Green Tea Tofu Soba Salad

Green tea is brewed for just a minute, then whisked with ginger, green onions, chili and soy sauce for a savory tofu marinade. Cha soba noodles, made from green tea and buckwheat, are tossed with sprouts, bell pepper and cabbage to ensure that this salad is as diverse in texture as it is in flavor.

Portobello Mushrooms Étouffée

Etouffee is a Cajun dish usually featuring crawfish, shrimp or crab, smothered in spicy gravy. This version simmers Portobello mushrooms in the cayenne gravy along with the “holy trinity” of Cajun cooking: onions, celery and green bell peppers.

Dirty Rice Cleaned Up

This dish is reminiscent of traditional “dirty” rice, usually made with chicken livers. Brown rice has a hearty texture that stands out to the assertive flavors of winter greens and spicy soy chorizo, and its extra fiber will keep you fuller, longer.

Creamy Porcini Pasta

You’ll never guess this pasta dish is made without dairy; the ultra-smooth blend of tofu, lemon juice, honey, dill and smoked paprika create a velvety sauce, with only a fraction of the fat in traditional cream sauce. If you can’t find dried porcini mushrooms, substitute any dried mushroom.

Pumpkin Cinnamon Oatmeal

This simple recipe is easy to adapt, so feel free to toss in some dried fruits or nuts at the end. Please note that pumpkin puree is not the same as pumpkin pie filling. Canned pumpkin puree is available in most supermarkets; stir remaining canned pumpkin into risotto or use in place of pizza sauce for a unique twist.

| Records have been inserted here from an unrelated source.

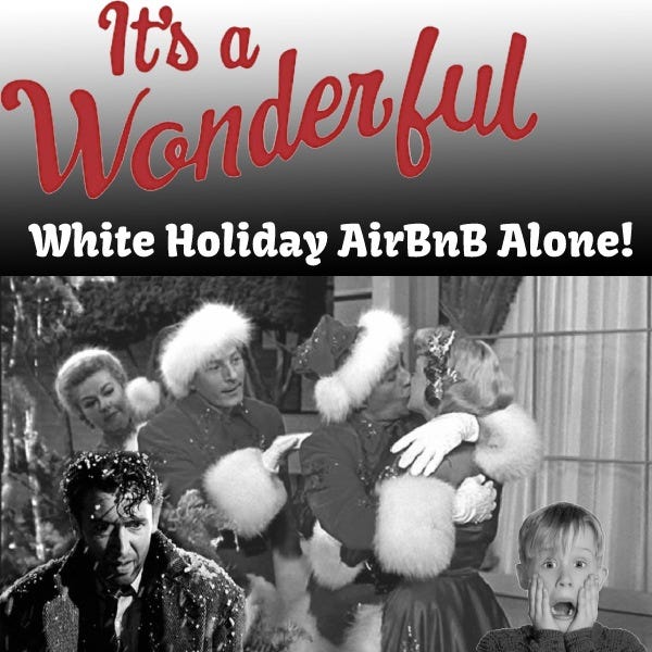 That time when you check your NextDoor App while on vacation and discover that the Building & Loan has foreclosed on your cozy bed and breakfast, which was taken over by a right-wing musical troupe that trashes the furniture, puts on a show, and leaves Macaulay Culkin behind, who burns the place down… but then gets his wings.
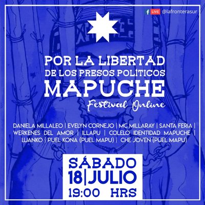 Los presos políticos mapuche llevan ya 74 días de huelga de hambre, en un contexto de invisibilización por parte de los medios de comunicación y con un gran debilitamiento en la salud de los comuneros, nueve bandas se convocaron en un Festival Online por la Libertad de los presos políticos mapuche» para visibilizar la grave situación que se vive.
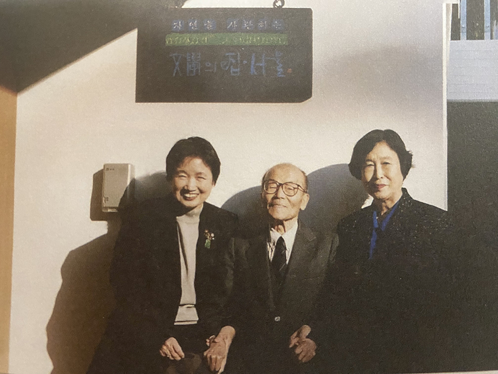 박완서 작가가 피천득 선생과 김후란 시인과 함께 문학의 집 서울에서 함께한 사진. 가톨릭평화신문 DB

Walnut Almond Lettuce Wraps

This wrap’s filling – a surprising combination of almonds and walnuts seasoned with savory cumin, garlic powder, cayenne pepper and coriander – literally explodes with flavor. Creamy avocados and sweet, crunchy carrot sticks add a delicious contrast.

Veggies and Corn Grits

Polenta is sliced into rounds and browned on the stove. Edamame, bell pepper, zucchini and tomatoes are seasoned with oregano and basil to top these corn discs, for an Italian spin on southern grits.

Roasted Okra Creole

The holy trinity of onion, bell pepper and celery are sautéed with garlic and tomatoes, then seasoned with allspice, paprika and cayenne pepper. Okra is browned in the broiler for a smoky taste and irresistible texture before its sprinkled throughout the spicy tomato base.

Bloody Mary Chili

A medley of black, pinto and red kidney beans are wickedly flavored with zesty Bloody Mary mix in this spicy, satisfying chili. Cumin, chili powder and cayenne pepper provide a depth of flavor to the heat, while fresh cilantro finishes the dish on a crunchy, herbal note.

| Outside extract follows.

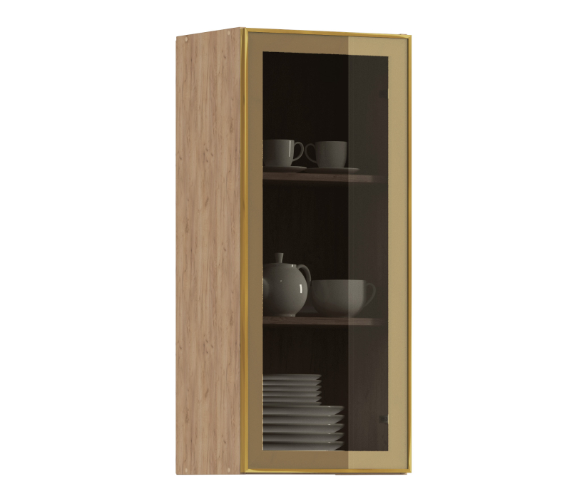 Комплект включает в себя корпус кухонной полки (цвета дуб вотан) с необходимой фурнитурой, фасад из алюминиевой рамки золотого цвета и бронзового стекла, а также ручку, соответствующую цвету рамки фасада.
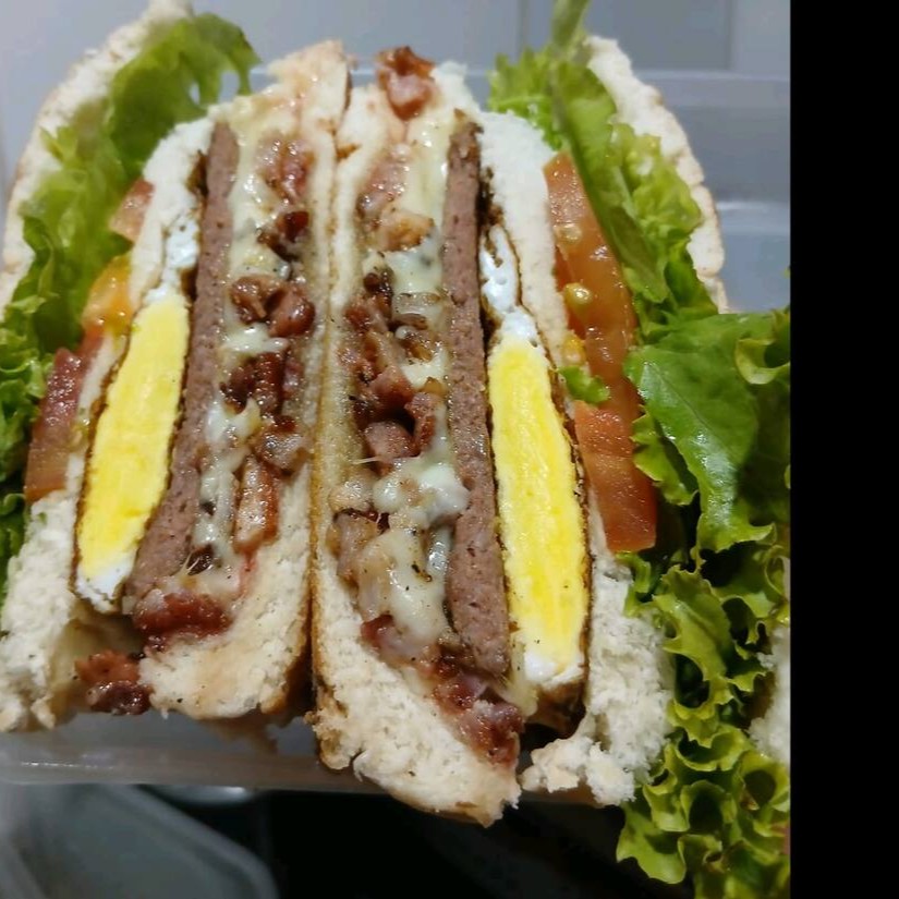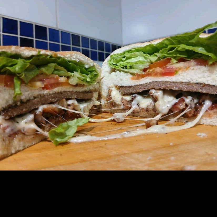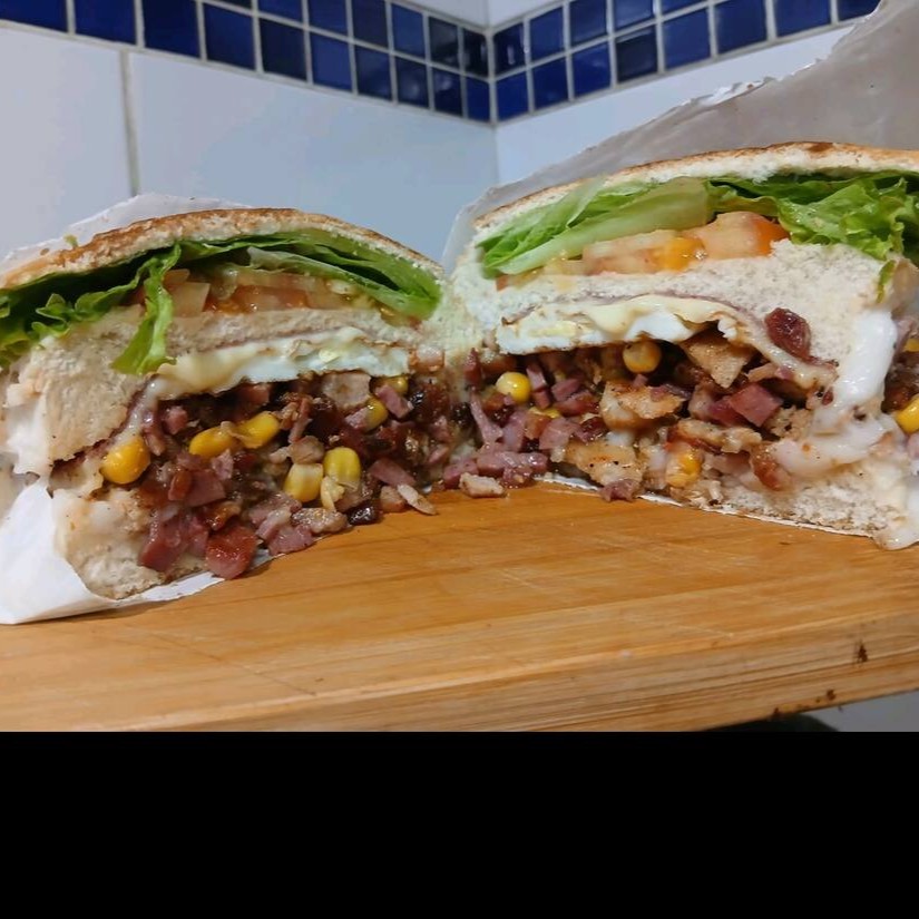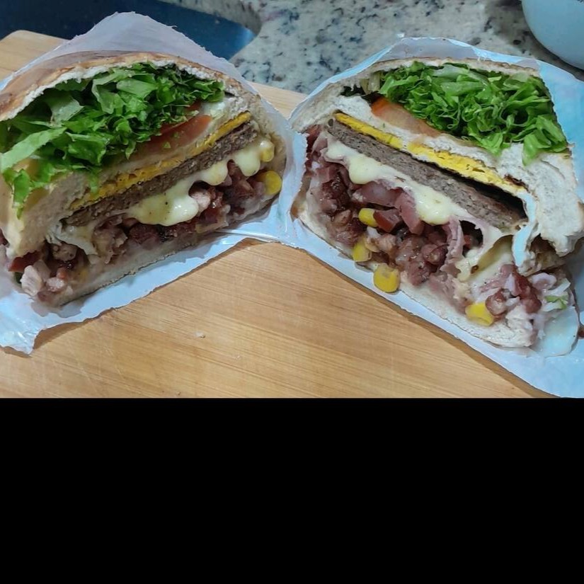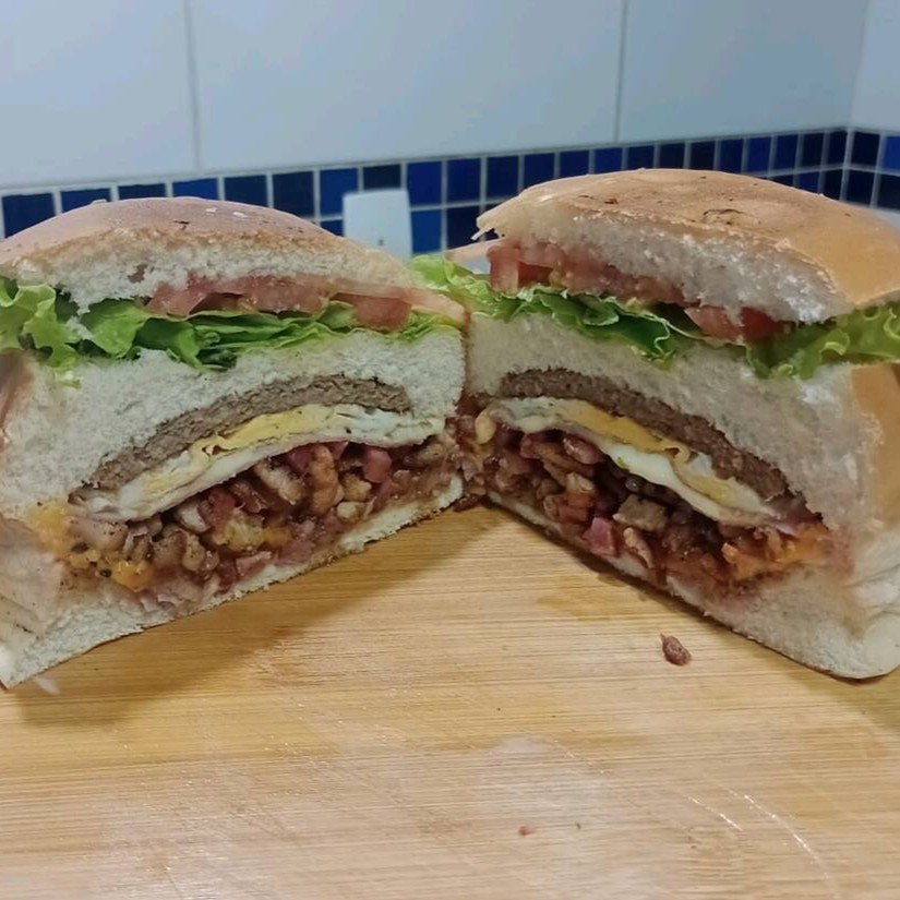 Hambúrguer com queijo, ovo, bacon, calabresa, Catupiry, milho, presunto, maionese e ketchup, uma explosão de sabores. Acompanha molho de alho verde

Green Bean Ginger Spaghetti Stir Fry

Tamari and toasted sesame oil come together for a salty smokey seasoning that will redefine the way you think about tofu. Green beans and whole grain noodles are cooked crisp with a spicy kick of red pepper and ginger in this satisfying stir fry.

Pecan Almond Falafel

Sesame seeds, pecans, walnuts and almonds make up these hearty nut falafel balls, spiced with fresh parsley and cilantro. Cumin adds a hint of smoke, while lemon and jalapeño balance the dish with a tart kick.

Grapefruit Radicchio Salad

Pecans are candied in a skillet with caramelized sugar, then seasoned slightly savory with smoked paprika and salt. These salty sweet nuts are the perfect accent to sit atop this salad of hearty cabbage, spicy radicchio and tart grapefruit.

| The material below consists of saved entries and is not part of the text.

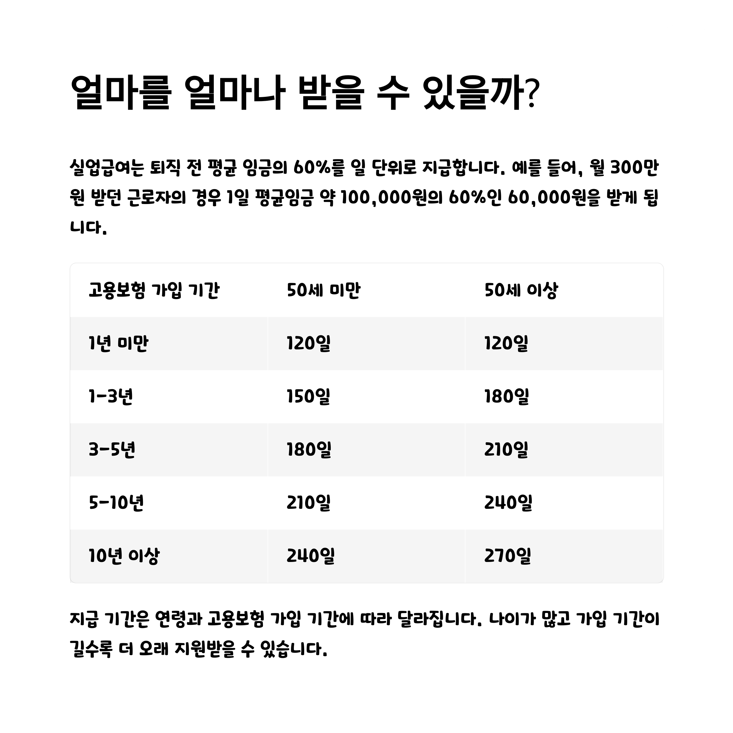 지급 기간은 다음과 같이 연령과 고용보험 가입 기간에 따라 달라집니다
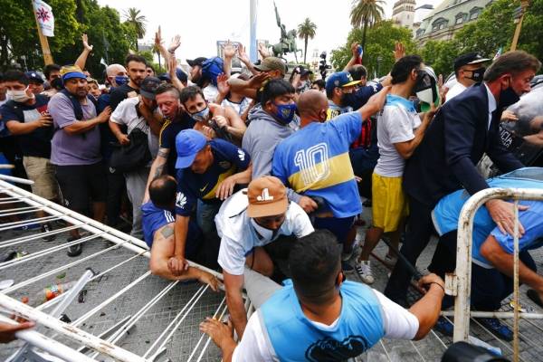 Diego Armando Maradona es velado desde las 6:00 horas de este jueves en un salón de la Casa Rosada en Buenos Aires. Sobre las 14 horas se desataron incidentes entre algunos de quienes habían concurrido a despedir a su ídolo y efectivos de la Policía bonaerense, de acuerdo a lo que informaron varios medios argentinos.
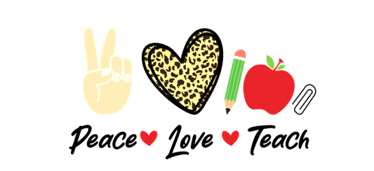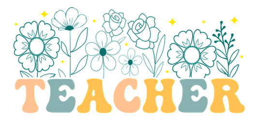 Embroidery pattern featuring the word "teacher" in blue, yellow, and green floral designs.UV Transfers

Black Eyed Pea Stuffed Squash

Black eyed peas are spiced with Italian seasoning, garlic powder and garlic before they’re tossed with fluffy, heart healthy grain quinoa. Squash are roasted twice and serve as an innovative serving dish for the quinoa black eyed pea medley.

Cranberry Balsamic Brussels Sprouts

Brussels sprouts are sautéed with balsamic vinegar, then tossed with pecans in this holiday side dish. Cranberries, brown sugar and orange zest are brewed in Concord grape juice for a gourmet glaze to top these delectable Brussels sprouts.

Brown Rice Apricot Pilaf

Onions are sautéed with sweet dried apricots and tart lemon zest in this flavorful pilaf that can double as stuffing. Herbal parsley and earthy almonds finish the dish with a crunch in this flavorful pilaf.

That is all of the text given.